## Source data:
[Start of section]
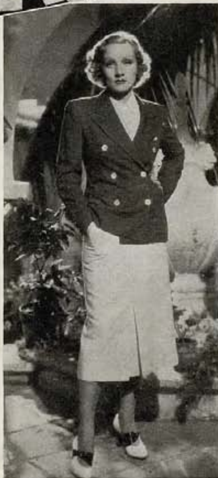
Tres personalidades destacadas del elemento foráneo en Cinelandia, son también las que aquí aparecen. Arriba, Elizabeth Allan, actriz inglesa, de M-G-M. Centro, Marlene Dietrich, estrella de Paramount, y abajo, el actor inglés, Charles Laughton.

Esa fué la primer barrera natural que detuvo al extranjero y abrió más las puertas al artista norteamericano. Pero al mismo tiempo es preciso confesar que ha habido otra razón de más peso y de mayor trascendencia que ha ido aumentando la popularidad de los intérpretes estadounidenses en el exterior, en detrimento de
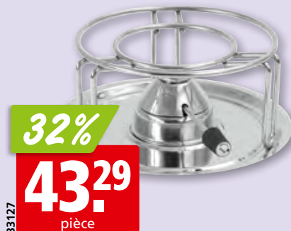
Caquelon à bourguignonne/chinoise Kisag 2.7 l
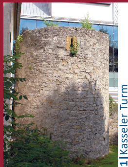
1 | Kasseler Turm
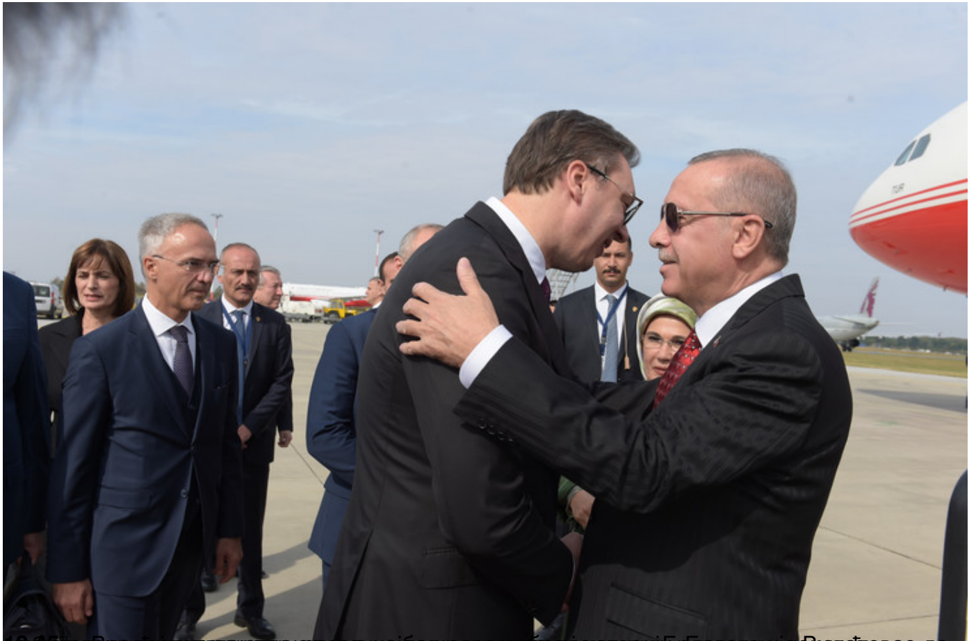
6. Октобар, Врхуњац, Србија. Президенту Републике Србије Александру Вучићу долази на дочек у аеродрому Србија у Београду председник Републике Турске Реџеп Тајип Ердоган.
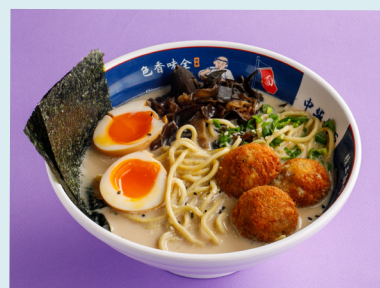
Creamy Ramen with tree mushrooms and chicken meatballs 590
[End of section]
Drop the pictures and reproduce the rest of the entries above exactly.

## FINISHED EXERCISE:
Tres personalidades destacadas del elemento foráneo en Cinelandia, son también las que aquí aparecen. Arriba, Elizabeth Allan, actriz inglesa, de M-G-M. Centro, Marlene Dietrich, estrella de Paramount, y abajo, el actor inglés, Charles Laughton.

Esa fué la primer barrera natural que detuvo al extranjero y abrió más las puertas al artista norteamericano. Pero al mismo tiempo es preciso confesar que ha habido otra razón de más peso y de mayor trascendencia que ha ido aumentando la popularidad de los intérpretes estadounidenses en el exterior, en detrimento de
Caquelon à bourguignonne/chinoise Kisag 2.7 l
1 | Kasseler Turm
6. Октобар, Врхуњац, Србија. Президенту Републике Србије Александру Вучићу долази на дочек у аеродрому Србија у Београду председник Републике Турске Реџеп Тајип Ердоган.
Creamy Ramen with tree mushrooms and chicken meatballs 590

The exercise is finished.